Back to the birthday girl. My mom moved in with us shortly after my dad’s death in 2011 and has declined physically and mentally over the past 7 ½ years. When she first moved in, she was vital and independent. She drove and shopped and had lunch with friends. She paid bills and handled her money and made her own appointments.
But that’s changed.
She’s faced a broken hip, withdrawal from a decades-long Xanax addiction, an emotional breakdown, multiple back injuries, hospitalizations, stints in rehab, and loss of independence including giving up driving. I’ve faced my own set of emotional struggles around caring for my aging mom and watching her deterioration.
Mother-daughter relationships can be difficult even for the best moms. I know some exceptional moms who struggle in their relationships with their adult daughters. I work incredibly hard to be a great mom, and yet, my daughters have found me lacking — and other unflattering adjectives — at times.
Shortly after she moved in, I started writing about my often-difficult relationship with my mom. I hashed out some childhood issues, some adult issues, and some fundamental character flaws in her person, i.e., ways she is not like me.

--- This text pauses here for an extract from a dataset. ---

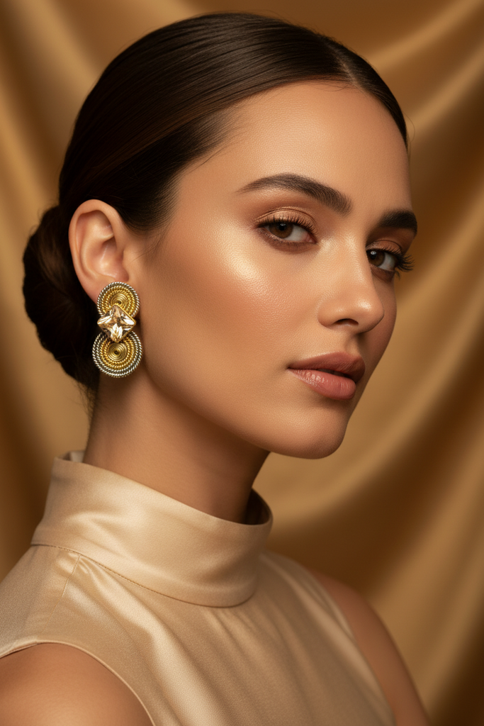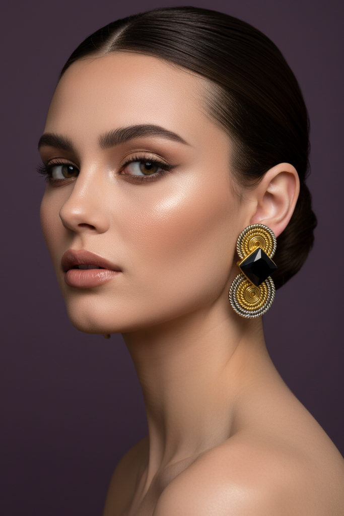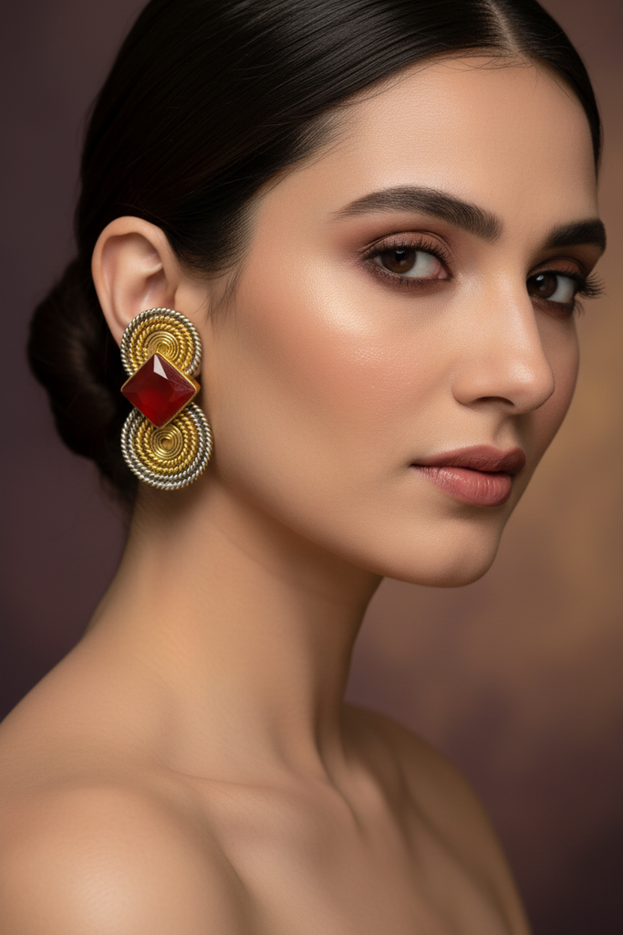 22k gold + rhodium plated high quality hand crafted spiral earrings studded with real stones.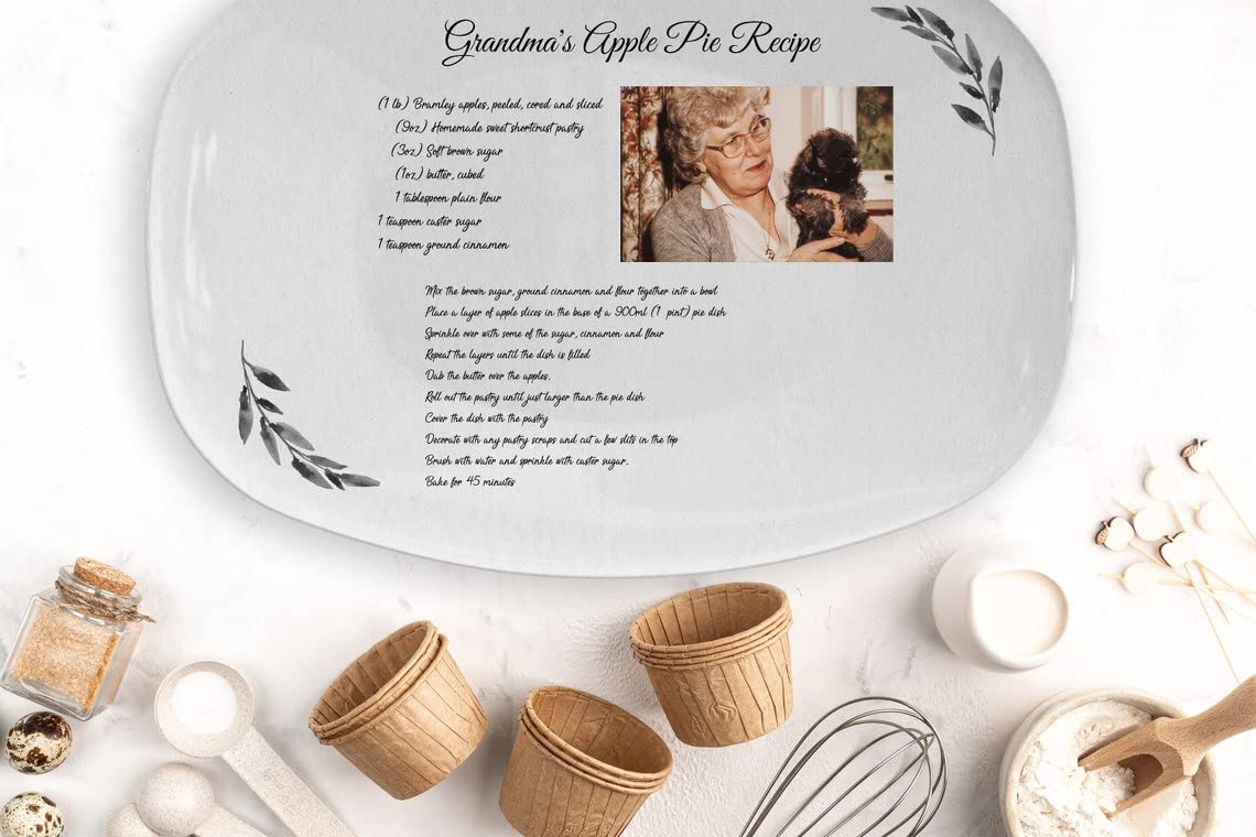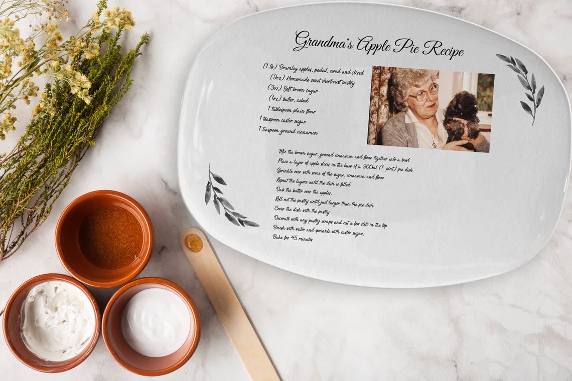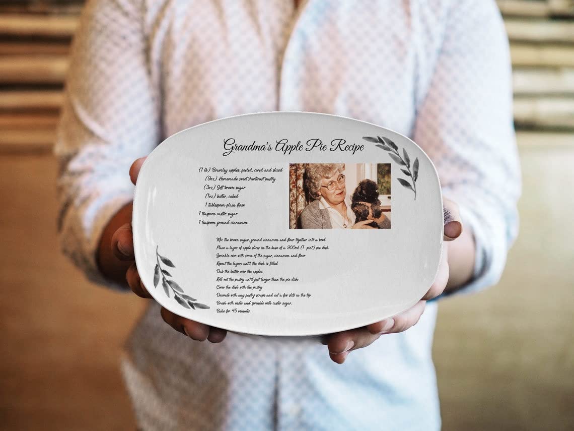 Its durable resin construction ensures it can be enjoyed year after year as part of your treasured holiday decorations. The platter can feature any handwritten recipe, capturing the warmth and nostalgia of homemade meals and the love that went into them. It’s a wonderful way to honor loved ones and keep their culinary traditions alive during family gatherings and holiday dinners.

We are very different, and in a lot of the ways we are different, I found she — as they used to write on report cards back in the day — “Needs Improvement.”
For instance:
I talk openly, and she prefers to sweep uncomfortable subjects under the rug.
I prefer honesty even when it’s uncomfortable, she prefers pleasantries even when it’s fake.
I prefer keeping it real; she prefers keeping secrets.
I prefer assertiveness; she prefers passive-aggressiveness.